44.7 Light ETL in Power BI and Excel
For smaller analytical contexts, BI tools include built-in light-ETL capability:
Power BI Dataflows: Cloud-native Power Query pipelines that run on a schedule and serve their results to multiple Power BI workbooks. Equivalent in spirit to a small dbt project, but with a no-code interface.
Power Query in Excel and Power BI Desktop: Workbook-level transformation pipelines (Chapter 35). Sufficient for individual analyst workflows but does not scale to enterprise-wide data engineering.
Tableau Prep: Tableau’s visual data-preparation tool. Builds reusable flows that can be scheduled on Tableau Server / Cloud and consumed by Tableau workbooks.

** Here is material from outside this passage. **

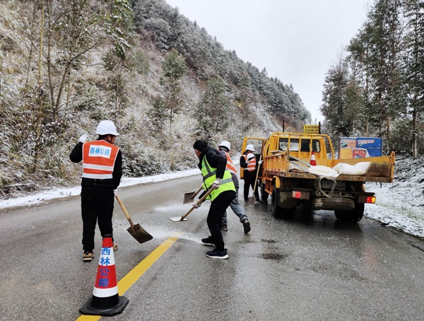 从2月19日晚开始,西林县出现低温雨雪冰冻天气。为加强雨雪冰冻天气道路安全保通工作,根据上级工作部署,西林公路养护中心迅速启动雨雪低温天气应急预案,有序开展应急指挥、应急处置、路面巡逻、隐患排查、宣传提示等工作措施,确保期间道路交通安全顺畅有序。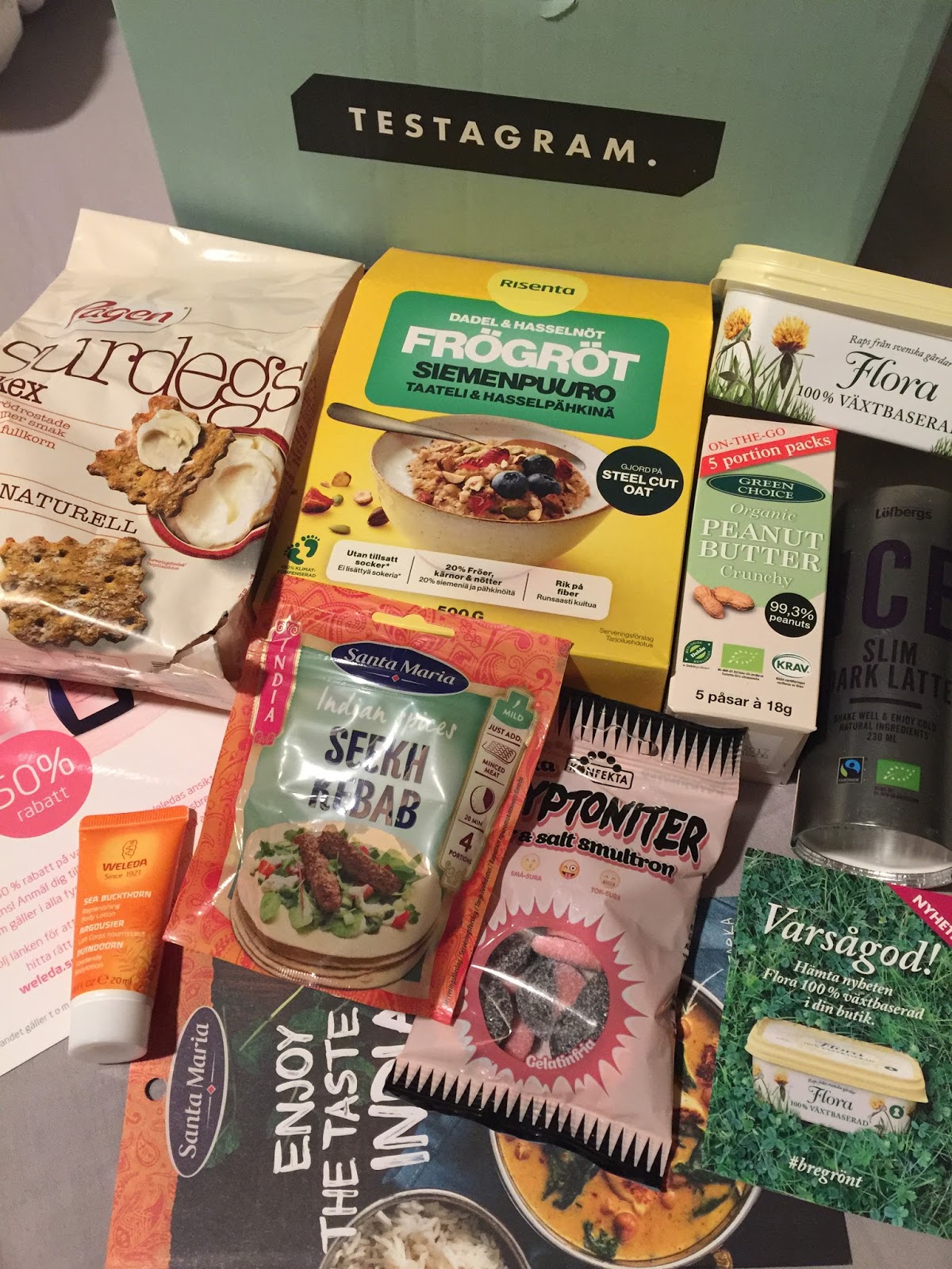 Jag hinner inte med mig riktigt när det gäller att blogga om de smarta boxarna från Testagram som kommer varje månad för jag vill ju hinna prova alla produkter innan jag skriver om dem. Detta resulterar den här gången med att det kommer recensioner av två boxar samtidigt! Förra månadens Testagram var fylld med många bra produkter och jag gillade mest Surdegskexen från Pågen och Kryptoniterna eftersom godis alltid går hem 😉

For analytical scope under a few hundred million rows and a moderate number of sources, these tools cover the data-engineering needs of most teams without a separate ETL platform. Beyond that scale, dedicated tools (Azure Data Factory, dbt + Snowflake, Airflow + Spark) become necessary.
44.8 Common Pitfalls
- Manual Pipelines: A pipeline that requires the analyst to click “Refresh” by hand each morning; eventually the analyst forgets and the dashboard goes stale.

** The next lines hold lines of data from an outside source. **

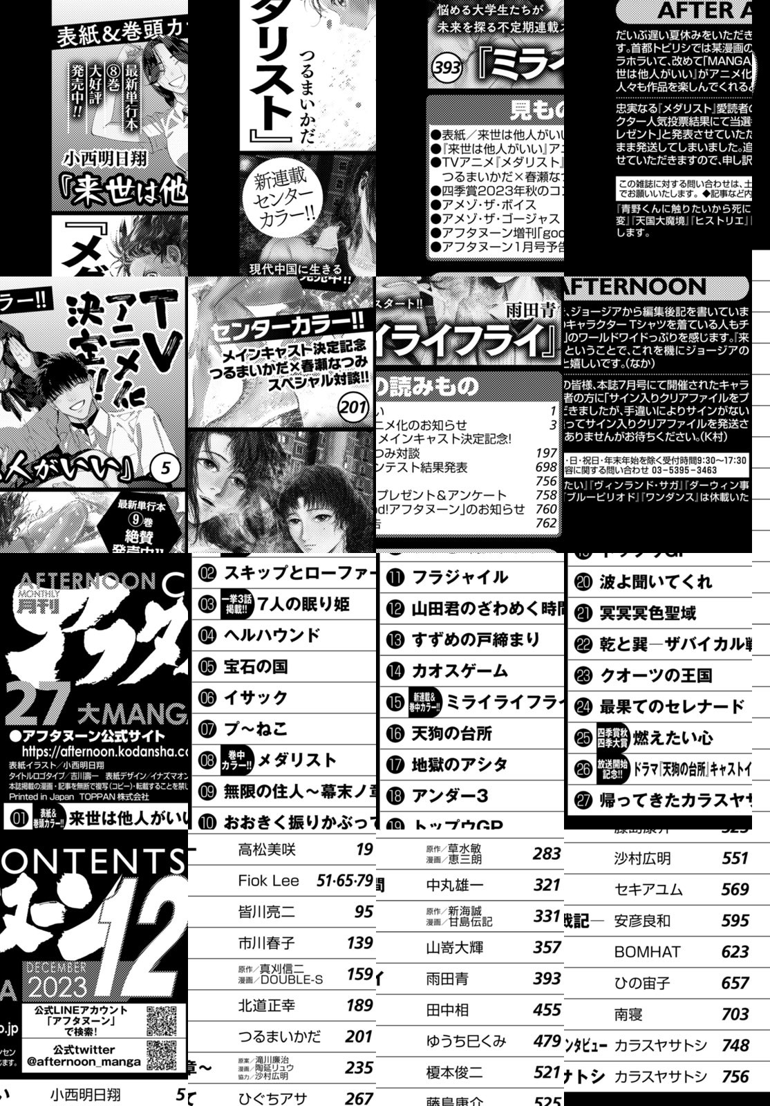 アフタヌーン12月号、表紙&巻頭カラーは小西明日翔『来世は他人がいい』! 今号重大発表アリ!新刊8巻10月23日発売! 巻中カラーはTVアニメ『メダリスト』メインキャスト発表記念!作者つるまいかだ×主演声優対談!新刊9巻10月23日発売! もう一つ巻中カラーは不定期新連載開幕!雨田青『ミライライフライ』!中国最難関大学が舞台の現代中国青春群像劇! BSーTBSでドラマ大好評OA中の田中相『天狗の台所』、舞台は京都へ! 今号も話題特盛り!
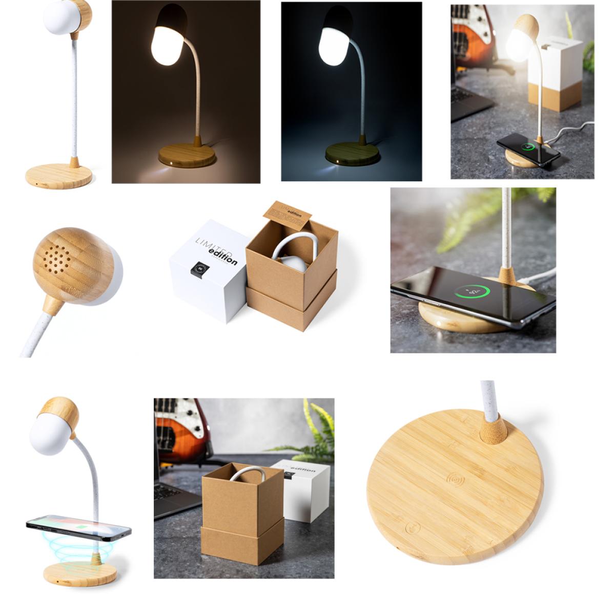 Multifunction Lamp Limited Edition with charger and speaker function. A modern and sustainable premium quality design made of bamboo. With integrated 10W wireless charger and 3W Bluetooth speaker. Lamp with 14 LEDs, 3 types of light (warm, natural and cold) and adjustable intensity. Adjustable in position and height. Compatible with wireless charging mobile devices, with 100cm micro USB charger cable. Manual instruction available in Spanish and English. From the perfect combination of exclusivity and design, come Limited Edition, a special collection of limited edition promotional ideas. A new concept, inspired by the fusion of premium products with the latest and most innovative trends and with a limited selection available, turn a gift into a unique and unforgettable experience. Exclusive Limited Edition presentation case, with a design protected by industrial property rights. Including card with description of Limited Edition in recycled cardboard.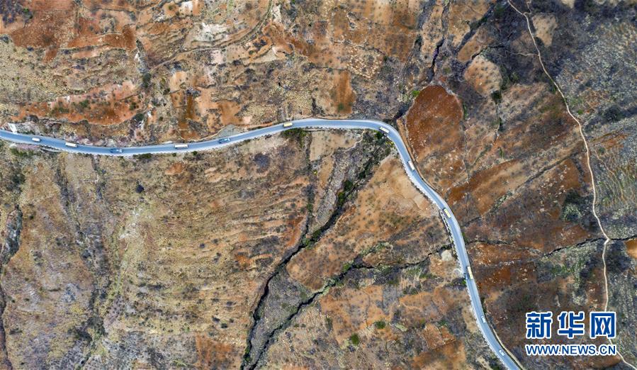 搬家的貨車行駛在云南省永善縣大興鎮(zhèn)駱丘村通往山外崎嶇的山路上(3月14日攝,無(wú)人機(jī)照片)。 新華社記者 江文耀 攝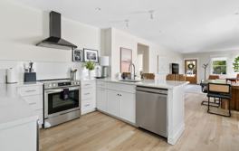 Inside, you’ll find a spacious, open-concept layout filled with natural light. White oak hardwood floors, curated furnishings, and smart electronic dimmers create a warm and sophisticated atmosphere. The living area includes a 60" smart TV and flows effortlessly into a dining area and a modern kitchen outfitted with stainless steel appliances, quartz and natural stone countertops, a peninsula with barstool seating, a pantry cabinet, and a coffee maker with all the essentials.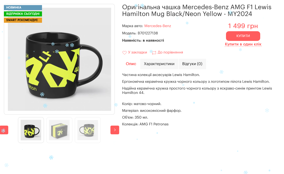 1. Помилка опису товару англійською мовою проти опису українською Замість жовтого коліру вказано синій. Надійна керамічна кружка простого чорного кольору з яскраво-синім принтом Lewis Hamilton 44. Принт жовтий.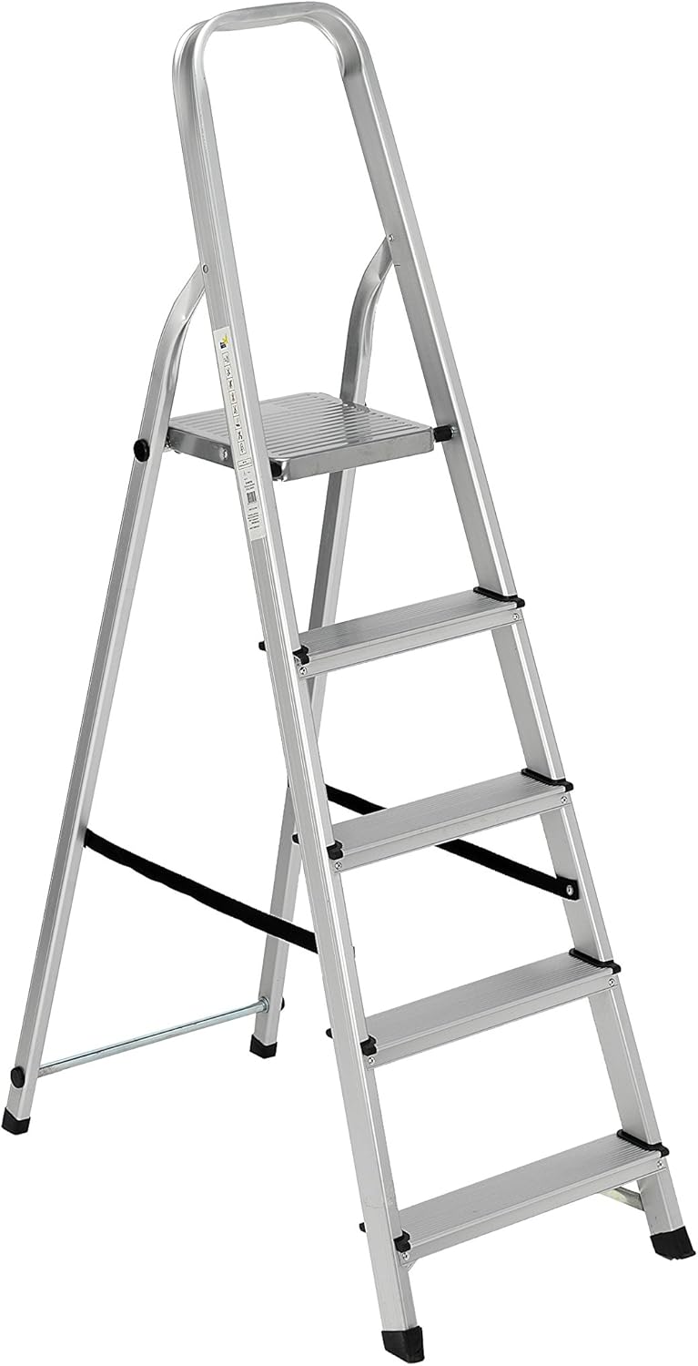 Scala alluminio Everest 5 gradini cm 91x45x150h portata max 150 Kg per uso domestico e bricolage gradini antisdrucciolo, puntali antiscivolo, fettuccia antidivaricamento e gancio di sicurezza.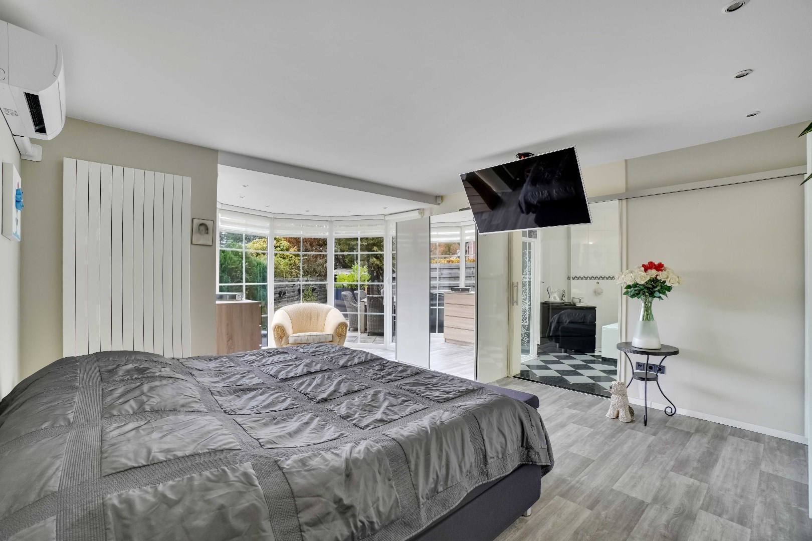 Op de begane grond ligt tevens de master bedroom van maar liefst 30 m², voorzien van een ensuite badkamer met dubbele wastafel, ligbad, douche en toilet.

- No Idempotency: Re-running fails or duplicates rows; recovery from partial failures is painful.
- Full Loads Only: A pipeline that fully reloads 200 million rows daily when an incremental load would process 200 thousand; cost and runtime balloon.

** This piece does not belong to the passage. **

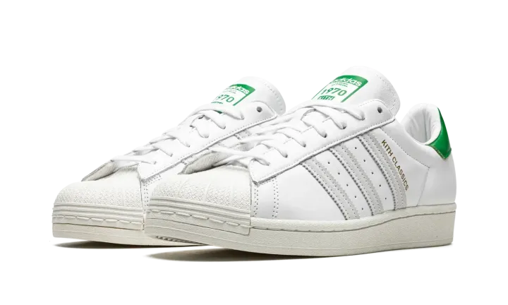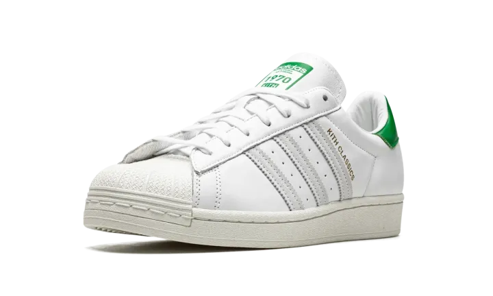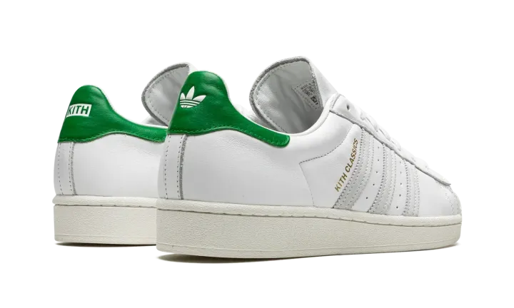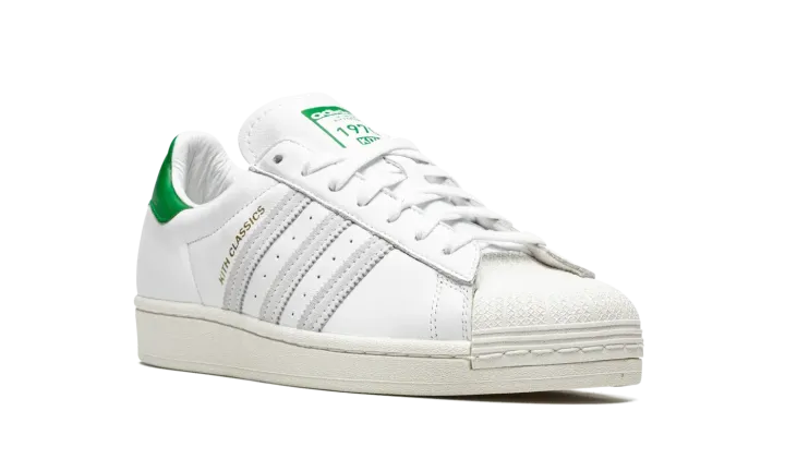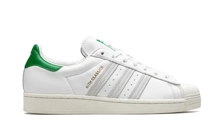 The Superstar 'Kith' shoe features a classic design, offering a versatile and timeless addition to any sneaker collection.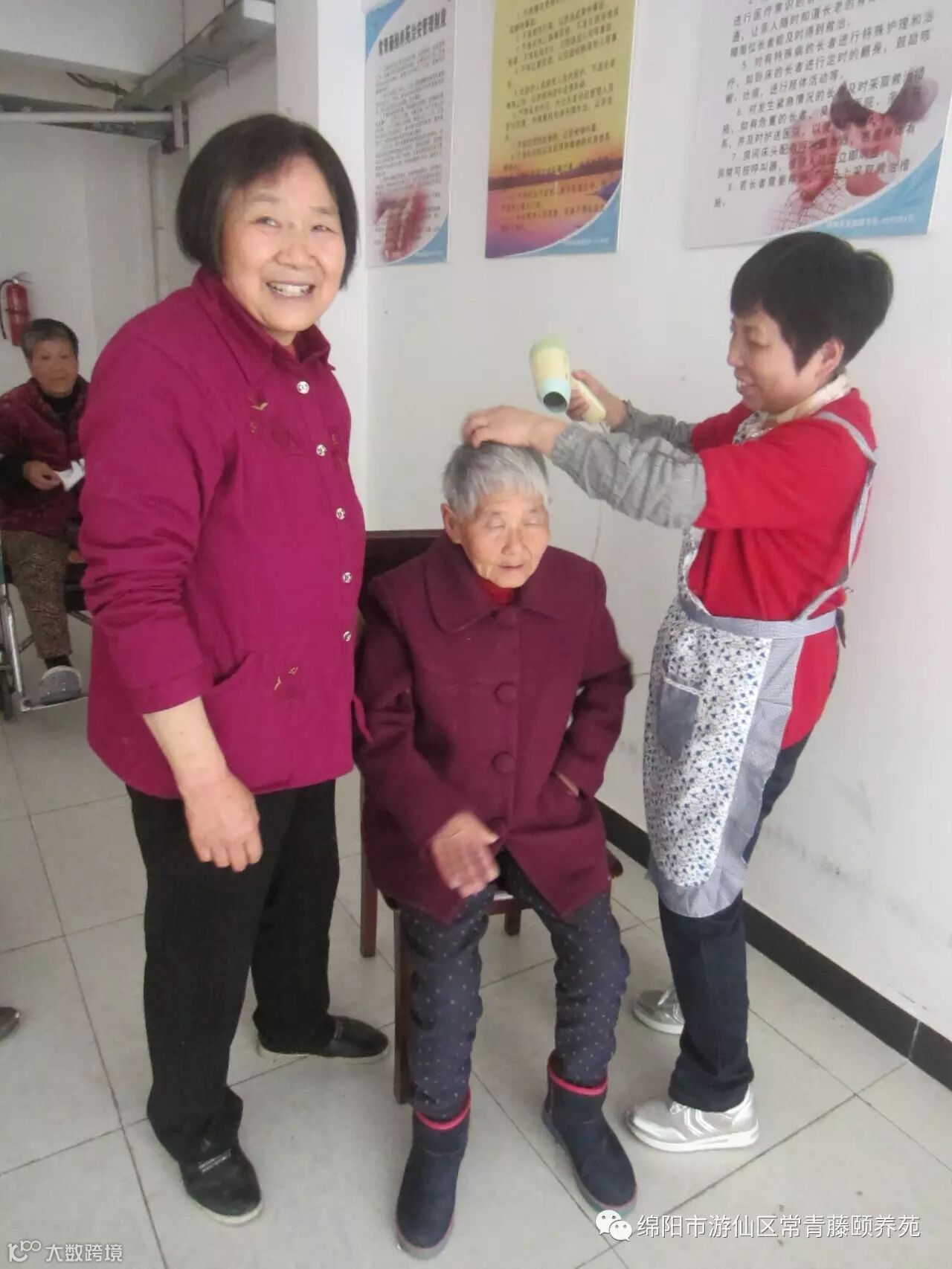 2017年4月10日,来自绵阳市的社会义工来到我苑,自带了理发工具、洗头用品、电吹风和蛋糕点心等,为老人们献上了她们的爱心,她们也是年过半百的人,然而因为一份爱、一份热情,她们义不容辞地来到老人们身边,散播着她们对老人的爱,在她们为老人们服务的同时,我们也祝福她们身体健康!好人一生平安!

- No Tests: Pipeline succeeds technically but produces wrong data — duplicate keys, broken foreign-key relationships, suddenly missing values; the dashboard misleads silently.
- No Monitoring: A failure overnight is discovered when leadership opens the dashboard the next morning.
- Hard-Coded Credentials: Source passwords in scripts or workflow files; security incident waiting to happen. Use a secrets manager.
- No Schema Evolution Handling: Source adds a new column and the pipeline fails; or removes a column and the pipeline silently drops the analytical metric.
- Lineage Gap: Analytical columns whose origin no one can trace; debugging incidents takes hours.
- Pipeline Sprawl: Hundreds of small pipelines built by individuals over years, with no shared catalogue or ownership.
- No SLAs: Refresh time is “around morning” rather than a defined target; nobody is accountable for misses.
44.9 Illustrative Cases
A Modern dbt-on-Snowflake Pipeline
A retail firm migrates from SSIS to a modern stack: Fivetran extracts from twenty SaaS sources to Snowflake, dbt transforms in Snowflake, Airflow orchestrates the daily run, Power BI consumes the certified marts. Pipeline code lives in Git; tests run on every commit. The total runtime drops from six hours to forty minutes; the team’s productivity increases markedly.
A Failed Manual Pipeline
A marketing analyst’s weekly report depends on a CSV she manually exports from a SaaS tool every Monday morning. She is on holiday for two weeks; the report goes stale; leadership notices only when a competitor cites stale numbers in a meeting. The remediation: a Power BI Dataflow that pulls from the SaaS API on a schedule, eliminating the manual step entirely.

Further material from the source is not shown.